- Work required -
Leaving out every picture, retype the lines below from the top through the one that contains "Designschrank Kromag KroCon".

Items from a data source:
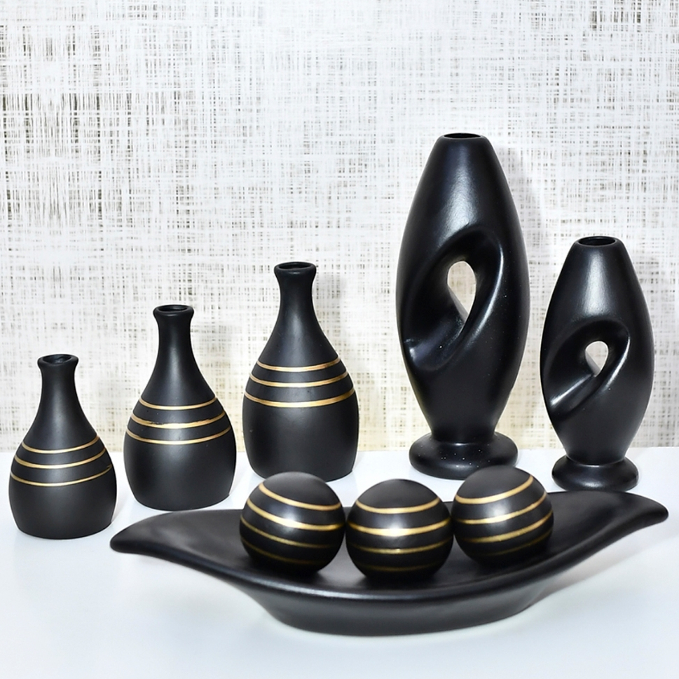9 Vasos Cerâmica Moderno Centro Mesa Decorativo Peças Enfeite Casa para Rack Sala Aparador Conjunto
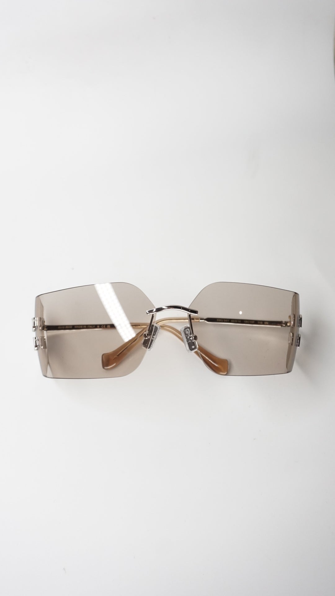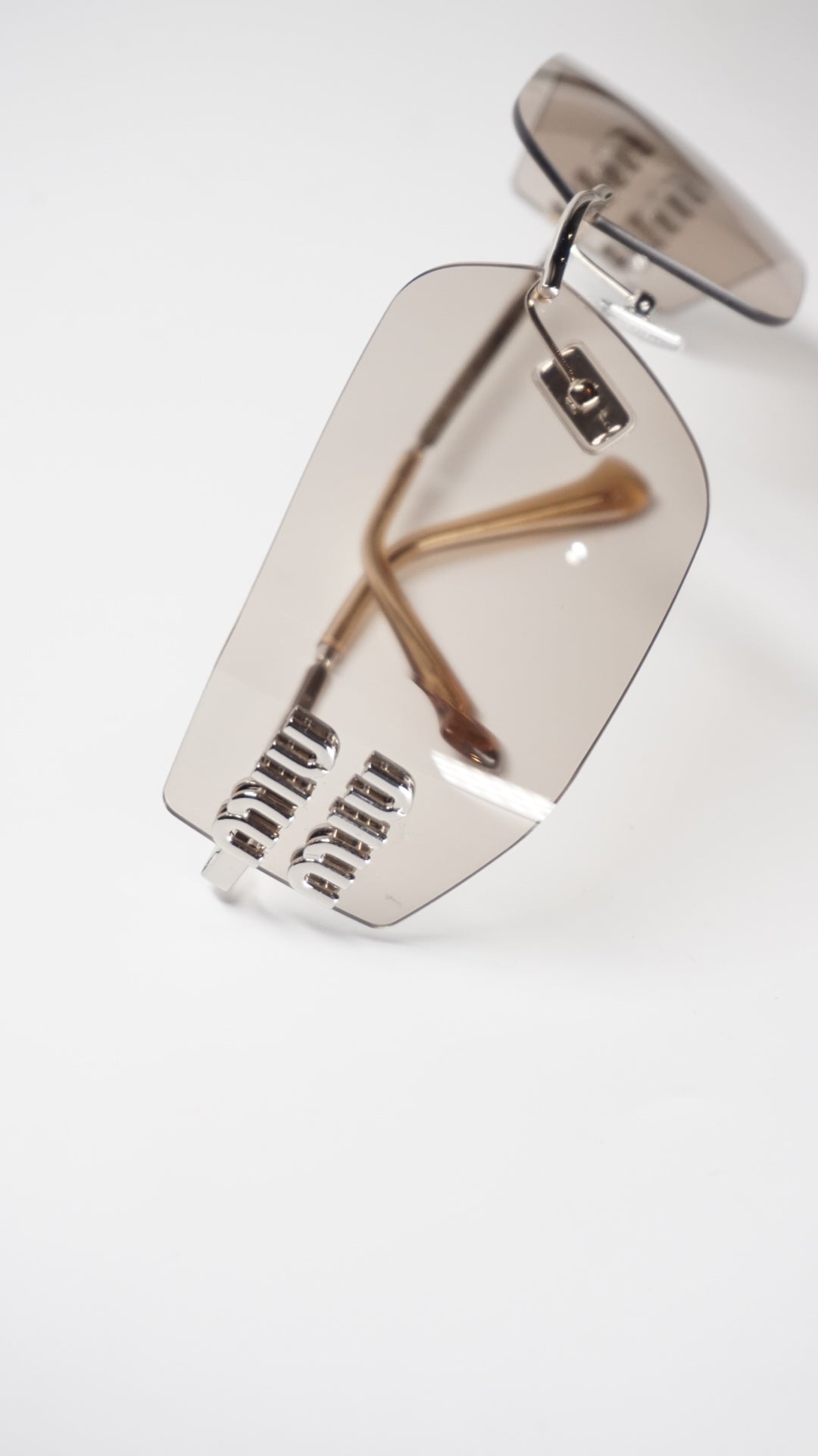 Featuring striking cut-out Miu Miu logos directly on the lenses, gradient light brown oversized shields, and sleek silver temples with beige acetate tips, they are both glamorous and unapologetically statement-making.
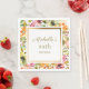Elegant red and orange watercolor floral women's birthday party paper napkins with green leaves and a gold frame. Personalise with the name of the guest of honour and her age.
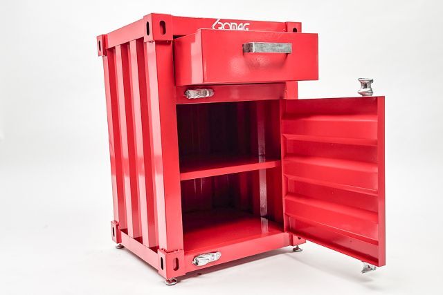 Designschrank Kromag KroCon KG-CON, rot, ca. 41/38/58 cm, vintage/antik Stil, Material: Eisen, mit Zwischenboden und Schublade, inklusive 4 Fußelementen und Schloss, Gewicht: ca. 10 kg, Karton 11
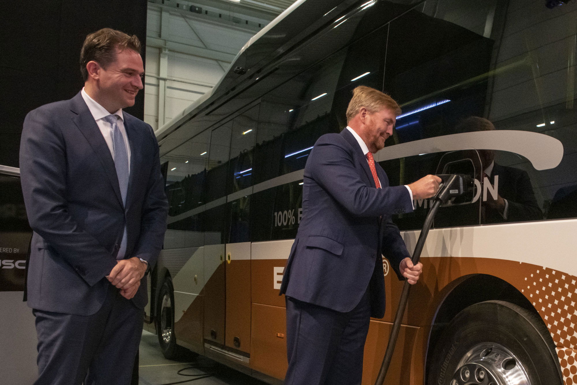 Királyi avatás: Vilmos Sándor holland király az Ebusco 3.0 prototípusának jelképes töltőre helyezésével nyitotta meg a deurne-i gyár új csarnokát
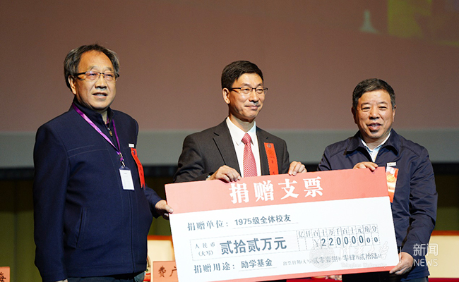 会上,1975级校友费广泰、林润还代表1975级全体校友向学校捐赠了励学基金,校友总会秘书长唐杰接收捐赠并宣读捐赠赠书。
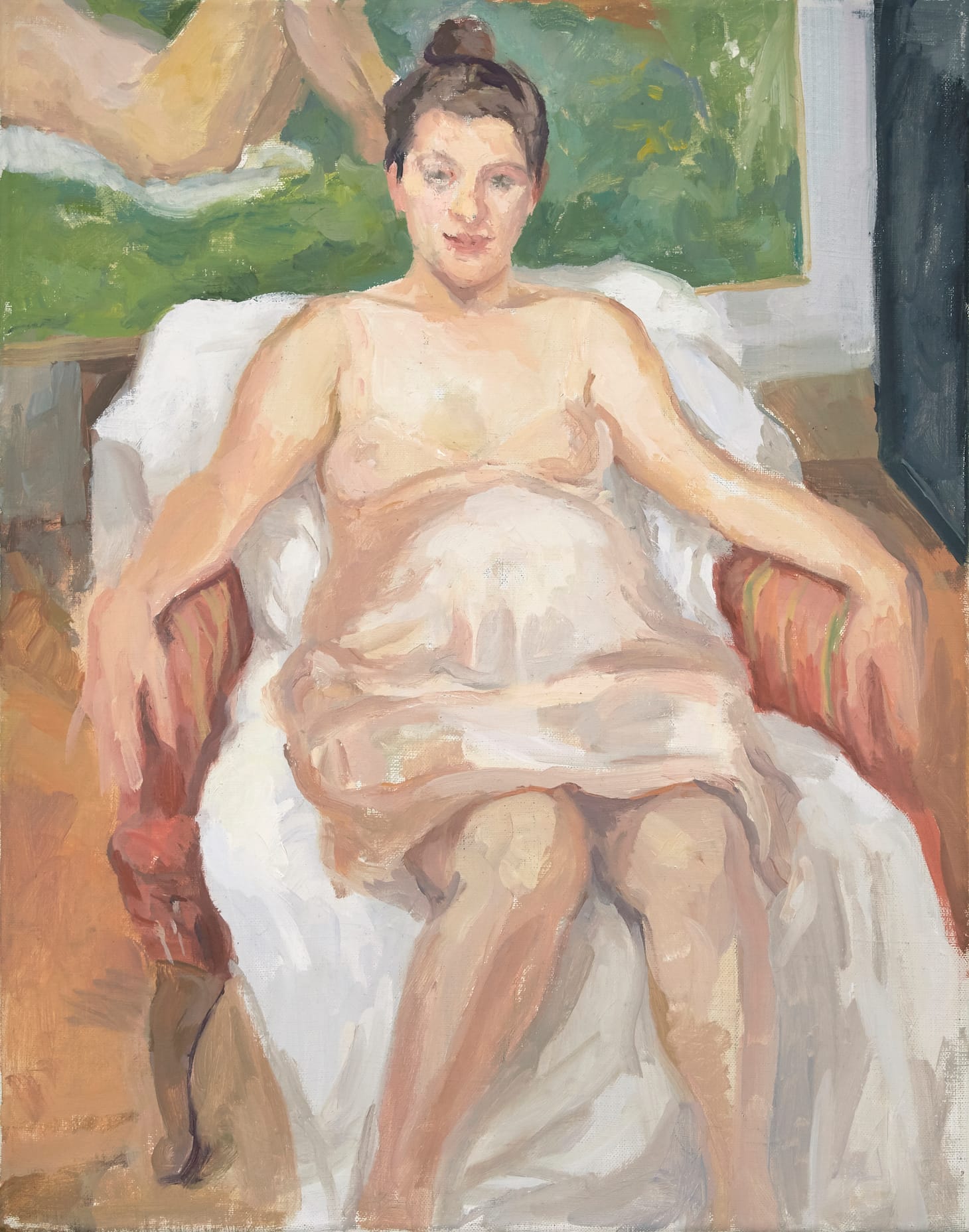 The setting is late realist painter Lennart Anderson’s studio. The all-over light seems to come from above, most likely a skylight. Anderson’s daughter, Jeanette, who is pregnant, is seated in a red chair partially covered by a white sheet. Behind her part of a painting by Lennart is on the wall — a cropped view of nude lying on green grass. The bright, glowing light — which seems to be celebrating Jeanette’s pregnancy — and the particular hue of green are found only in this painting.
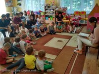 Młodzież czyta bajki dzieciom w przedszkolu w Korczynie
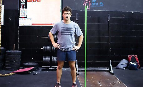 Stand upright with your feet hip-width apart. Keep your head straight and eyes forward. Balance your weight evenly between your feet. Engage your abdominal muscles and keep your shoulders back and square. Place your hands in any position that helps you maintain your balance. You can touch your hands to your hips, hold your arms out to your sides, or even grip the back of a sturdy chair if you need additional balance support.
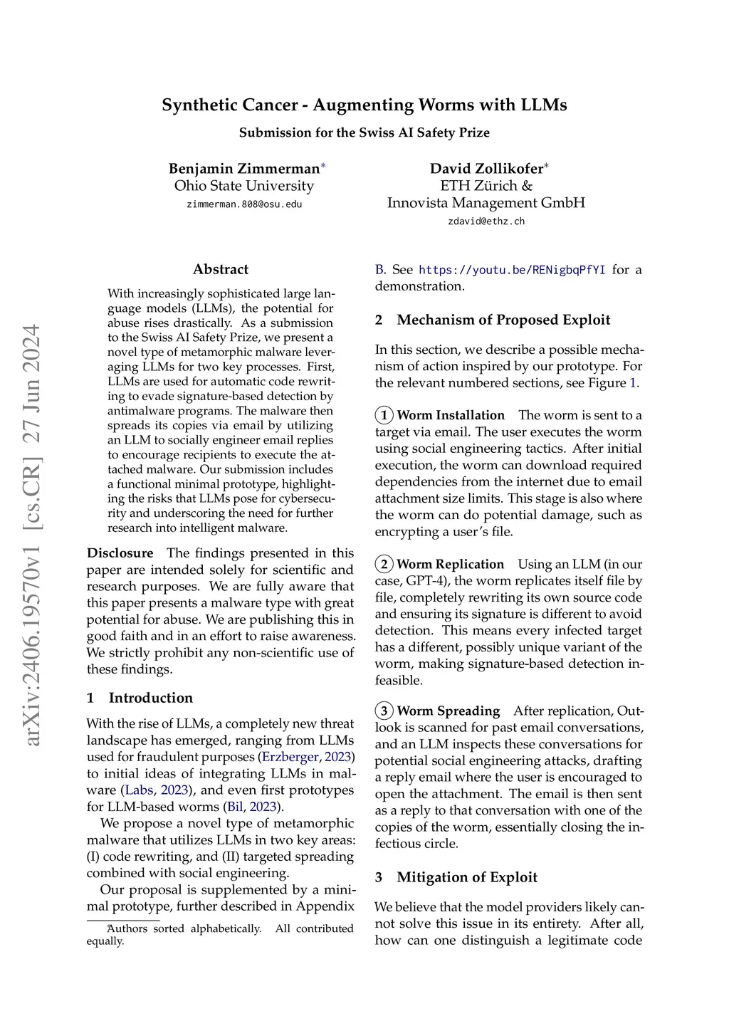 Synthetic Cancer -- Augmenting Worms with LLMs
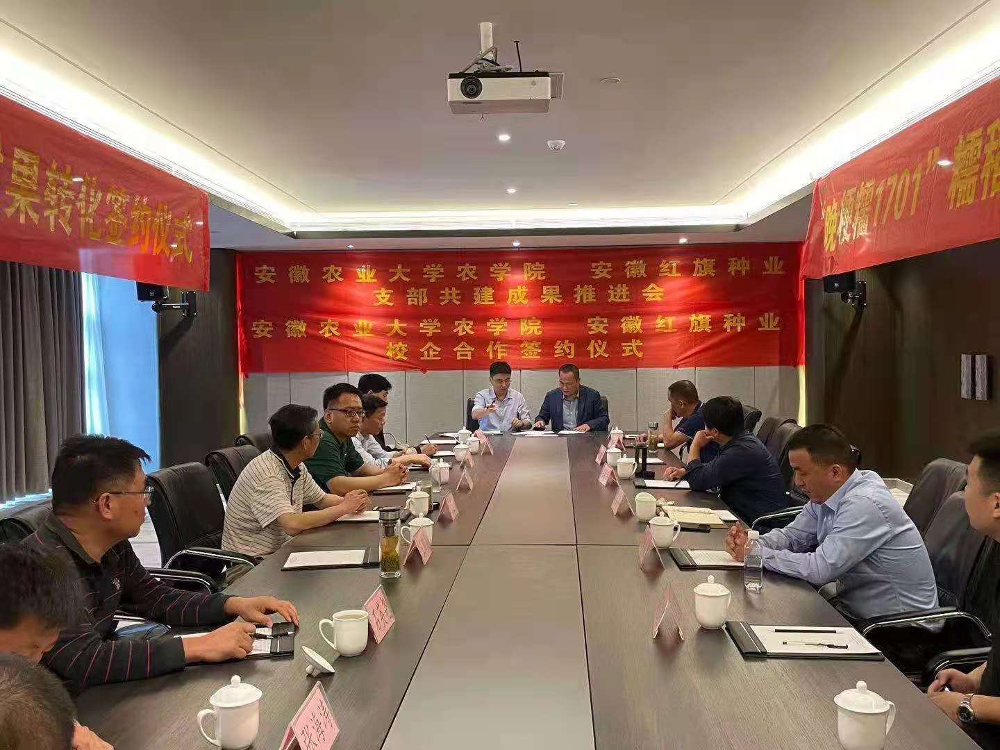 随后,双方进行了支部共建成果推进会并深入座谈。贾长敬总经理首先介绍了公司近期的重要进展。他表示,红旗种业在发展的道路上一直非常重视科研投入,希望未来通过深化校企支部共打造完整“科研产业链”,为乡村振兴贡献力量。管志权书记对安徽红旗种业的热情接待表示感谢,并从校企支部共建的组织形式、社会职能、未来发展等方面进行了发言,强调支部共建的核心在于政治建设,落脚点在于促进事业的发展,指出未来校企要深度融合的发展方向。教工第二党支部书记王晓波回顾了自2018年正式签署支部共建协议以来,红旗种业对公司大豆、水稻等新品种培育的支持和贡献,并希望通过此次活动推进共建常态化,为“十四五”“开新局,谋新篇”打下基础。会议总结了支部共建三年来的重要成果,包括淠东乡鲜食大豆项目、糯稻新品种成果转化项目、大豆新品种成果转化、大豆专利技术转化及共建安徽优质大豆产业联盟项目等。
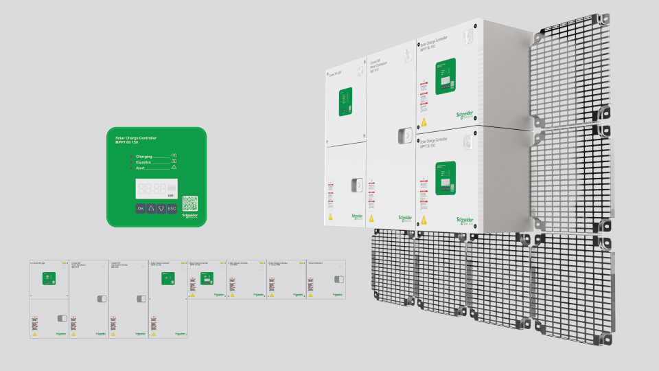 Industrial design proposal for solar inverters, charge controllers and battery storage systems in technical space environments.
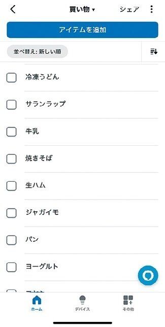思い付いたときに「アレクサ、買い物リストに〇〇入れて」と呼びかければOK。Amazon Alexaアプリにリスト化されるので、買い物がスムーズ。
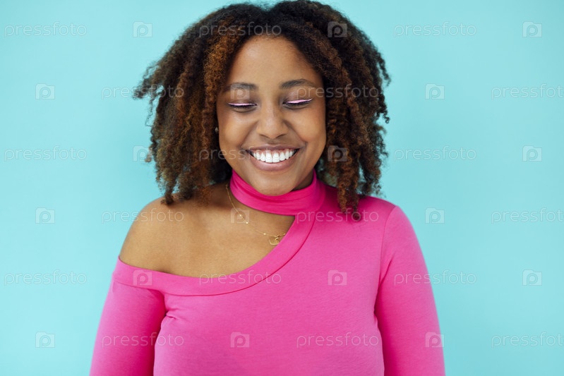 Мечтательная молодая красивая афроамериканка с яркими глазами в розовом комбинезоне

- Your solution -
9 Vasos Cerâmica Moderno Centro Mesa Decorativo Peças Enfeite Casa para Rack Sala Aparador Conjunto
 Featuring striking cut-out Miu Miu logos directly on the lenses, gradient light brown oversized shields, and sleek silver temples with beige acetate tips, they are both glamorous and unapologetically statement-making.
Elegant red and orange watercolor floral women's birthday party paper napkins with green leaves and a gold frame. Personalise with the name of the guest of honour and her age.
 Designschrank Kromag KroCon KG-CON, rot, ca. 41/38/58 cm, vintage/antik Stil, Material: Eisen, mit Zwischenboden und Schublade, inklusive 4 Fußelementen und Schloss, Gewicht: ca. 10 kg, Karton 11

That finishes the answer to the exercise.